* **Task item**
What are the lines, word for word, from the line with "Te koop schuurmachine" up to and including the line with "这名同学《蜀道难》的默写中同" in the records below? Omit the pictures.

-- Material supplied follows --

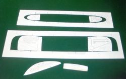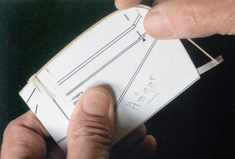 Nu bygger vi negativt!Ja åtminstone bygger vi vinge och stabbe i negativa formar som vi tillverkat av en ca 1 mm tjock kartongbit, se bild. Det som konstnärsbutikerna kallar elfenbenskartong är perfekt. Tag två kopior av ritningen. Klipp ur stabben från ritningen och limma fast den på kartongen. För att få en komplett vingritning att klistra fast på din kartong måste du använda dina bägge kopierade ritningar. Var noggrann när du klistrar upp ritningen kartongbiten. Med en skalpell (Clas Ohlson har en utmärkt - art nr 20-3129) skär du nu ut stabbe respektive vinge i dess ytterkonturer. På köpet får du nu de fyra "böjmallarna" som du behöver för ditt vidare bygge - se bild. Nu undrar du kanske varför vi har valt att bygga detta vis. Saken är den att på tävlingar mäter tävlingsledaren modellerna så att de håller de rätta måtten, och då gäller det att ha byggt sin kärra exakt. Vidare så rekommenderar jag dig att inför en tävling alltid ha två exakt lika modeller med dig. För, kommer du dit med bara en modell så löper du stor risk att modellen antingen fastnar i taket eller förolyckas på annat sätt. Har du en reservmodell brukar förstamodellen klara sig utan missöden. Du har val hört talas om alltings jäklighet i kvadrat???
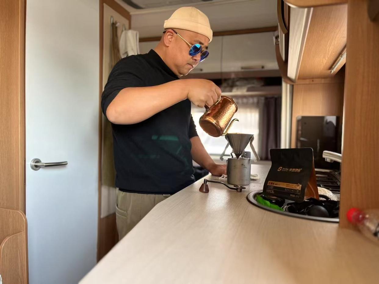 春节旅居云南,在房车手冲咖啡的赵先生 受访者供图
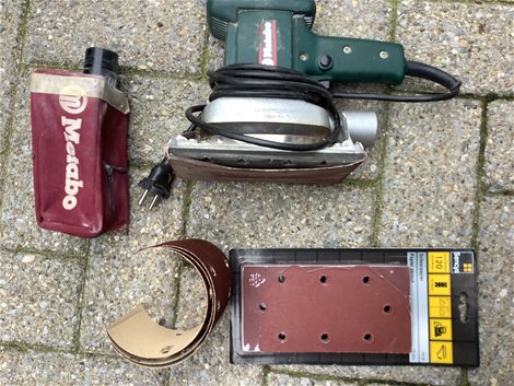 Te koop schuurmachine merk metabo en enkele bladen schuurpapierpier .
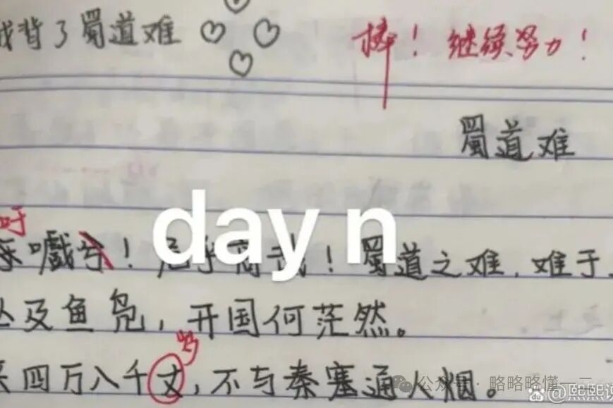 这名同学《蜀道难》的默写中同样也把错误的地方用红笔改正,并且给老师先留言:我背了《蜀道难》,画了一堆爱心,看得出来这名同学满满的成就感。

-- Material supplied concluded --
-- Material supplied follows --

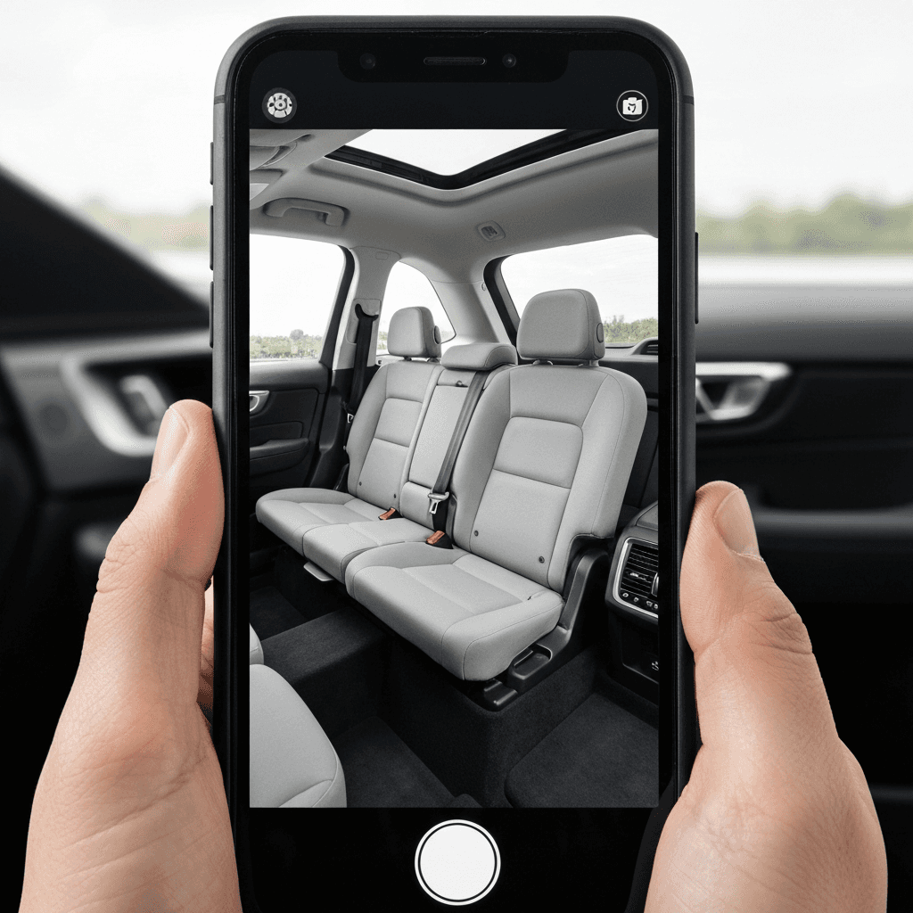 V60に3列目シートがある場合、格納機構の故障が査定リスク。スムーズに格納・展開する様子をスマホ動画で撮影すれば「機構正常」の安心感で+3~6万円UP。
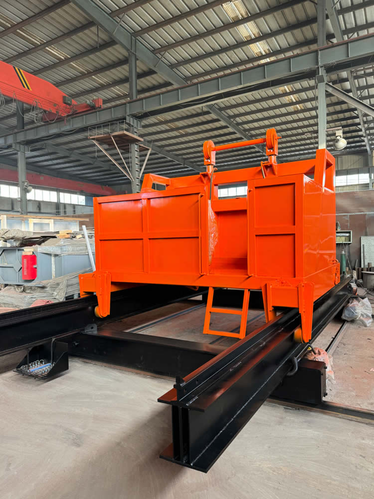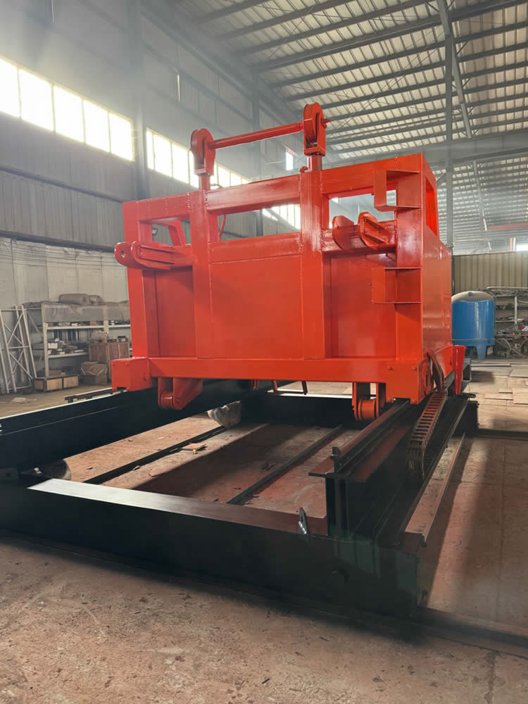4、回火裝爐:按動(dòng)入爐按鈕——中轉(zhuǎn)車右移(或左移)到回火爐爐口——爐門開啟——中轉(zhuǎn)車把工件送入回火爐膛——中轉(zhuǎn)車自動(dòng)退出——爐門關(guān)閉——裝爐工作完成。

-- Material supplied concluded --

* **Answer to this task**
 Te koop schuurmachine merk metabo en enkele bladen schuurpapierpier .
 这名同学《蜀道难》的默写中同样也把错误的地方用红笔改正,并且给老师先留言:我背了《蜀道难》,画了一堆爱心,看得出来这名同学满满的成就感。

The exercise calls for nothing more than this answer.